A recent survey revealed that 78% of millennials (ages 18-36,) and 64% of Gen X-ers (ages 37-52,) do not have a will.
By contrast, 81% of those ages 72 or older, and 58% of baby boomers (ages 53-71,) do have a document in place to ensure proper distribution of funds in the event that they pass.
In your 20s and 30s, creating a will may seem like a morbid subject that isn't worth visiting yet. Some young people don't believe they have enough assets to make writing a will worth it. Many live with their parents and still have student loans.
You may have asked yourself, "Do I need a will if I haven't even reached my 40s yet?" The answer is likely "yes," for a few important reasons. Let's review.
Importance of an Executor
When someone dies intestate, or without a will, the estate goes into probate, with a judge deciding who should be the rightful heirs to your assets.
If you are young and single but have a positive net worth, you will want to have a document in place to manage the distribution of your assets. If you don't own anything, however, a will is not necessary.
You may have named a beneficiary for your life insurance, retirement accounts, or property, which will ensure that they will inherit these assets or continue to benefit from them even if you are not here.
For physical assets, however, like a house, car, or electronics, you will need a will. The document will designate which individuals or organizations will own your property.
You will also want to consider your investments, 401k, life insurance, and ownership in businesses, all of which will need to be allocated.
Your executor should be someone you trust to see that your orders are carried out according to your wishes. Consider spouses, close family members, or clergymen when choosing an honest, responsible executor for your assets.
If you are an unmarried couple living together, do not assume that your will is going to be bequeathed to your partner once you are gone. It is important to put this information in writing to save your loved ones time and frustration.
Many folks choose to put a "no contest" clause in their will. This provision ensures that anyone who argues about their inheritance will not receive anything. It is a simple way to ensure that your assets are not creating a constant battle after you have gone.
If You Have Children
A will can allow you to establish a guardian for any minor children if you cannot care for them. It can also establish a custodian for any elderly or disabled family members who are unable to make financial decisions.
A will can also dictate a means for distributing property among your minor children. If you don't put a plan in writing, they will receive their inheritance in one lump sum when they turn 18. A will allows you to set up payments at regular intervals to help adult children manage their finances more responsibly while they are young.
If you make your elderly parents the primary beneficiaries of your will, they may become ineligible for government assistance. You will want to put a key provision in that establishes monthly payments for their inheritance, rather than a lump sum.
A trust for your pet can also be established. You can choose someone to take care of them and allocate funds to meet their daily needs.
A Living Will
While a standard will provides for proper distribution of assets in the event of your death, a living will makes provisions in the event that you are alive but unable to make decisions yourself.
A Living Will allows you to establish someone as your Power of Attorney to make decisions about your medical treatment if you are terminally ill or in an ongoing vegetative state.

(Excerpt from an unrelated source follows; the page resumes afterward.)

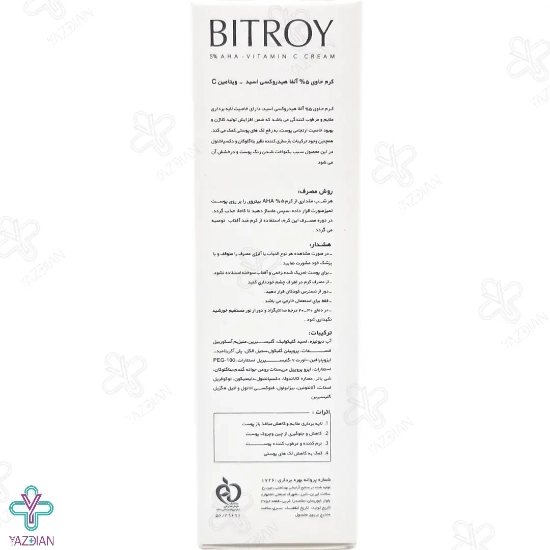 کرم روشن کننده آلفا هیدروکسی اسید 5 درصد ویتامین ث بیتروی - 50 میلی لیتر
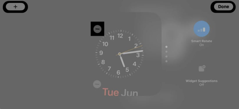 ウィジェットの削除:ウィジェットの左上隅にあるマイナス アイコンをタップします。

It gives them the power to stop, give, or withhold medical treatments or procedures, including life-sustaining ones, if you put your wishes in writing beforehand.
You can select a friend or family member to act as your power of attorney by completing a fill-in-the-blank form, which many states provide for free. It will need to be signed in front of a notary for a small fee.
Preparing Your Will
Before preparing your will, you will need to collect paperwork confirming your assets, including real estate, 401K, life insurance, and vehicles. You will also want to keep a list of your debts, including mortgages, car loans, business loans, and credit card accounts.
Before you begin planning, develop a list of the names, addresses, and birthdates of your beneficiaries.
Some software, such as Quicken Willmaker Plus, can be purchased for around $50. It can help you to create a Standard Will, Living Will, Bypass Trust, or Financial Power of Attorney.
At a minimum, you should appoint a guardian for your children, designate an executor, and establish how you want your property distributed.
If you are uncomfortable with legal documents or have a complicated estate, you will want to enlist the help of an estate planning attorney. They may work alongside a CPA to develop maximum protection for your assets.
Do I Need a Will?
You may feel you are too young to ask the question "Do I need a will?" However, if you have any dependents, property, or money in savings, it is important to have the peace of mind that it will be managed appropriately.